» **INSTRUCTIONS TO FOLLOW**: Each line below needs to be returned exactly. Skip any picture.

» **GIVEN INFORMATION**:
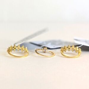 Three rings, three moods — each narrow band in radiant gold tone, crowned with simulated stones of pink, green, and amber or purple and clear. Worn together they create a kaleidoscope of light, worn alone they whisper restraint. The set moves between playful shimmer and refined edge, stacking color as if composing rhythm on the hand.
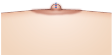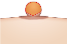 局所麻酔注射をした後、乳頭基部(乳首の付け根)から上で余分な皮膚を切除して縫合します。
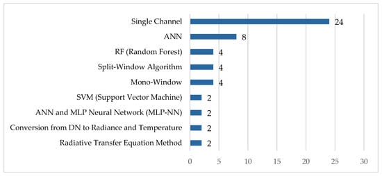 Single-channel methods are widely used to derive LST values (Figure 7), as evidenced by the 24 studies that employed them. These methods are favored for their simplicity and computational efficiency, offering a straightforward approach that minimizes complexity while yielding reliable temperature estimations. Their emphasis on utilizing information from a single channel simplifies the estimation process, making them an attractive choice when computational resources are limited or when a simple, yet effective solution is required.

» **RESULT OF THE EXERCISE**:
 Three rings, three moods — each narrow band in radiant gold tone, crowned with simulated stones of pink, green, and amber or purple and clear. Worn together they create a kaleidoscope of light, worn alone they whisper restraint. The set moves between playful shimmer and refined edge, stacking color as if composing rhythm on the hand.
 局所麻酔注射をした後、乳頭基部(乳首の付け根)から上で余分な皮膚を切除して縫合します。
 Single-channel methods are widely used to derive LST values (Figure 7), as evidenced by the 24 studies that employed them. These methods are favored for their simplicity and computational efficiency, offering a straightforward approach that minimizes complexity while yielding reliable temperature estimations. Their emphasis on utilizing information from a single channel simplifies the estimation process, making them an attractive choice when computational resources are limited or when a simple, yet effective solution is required.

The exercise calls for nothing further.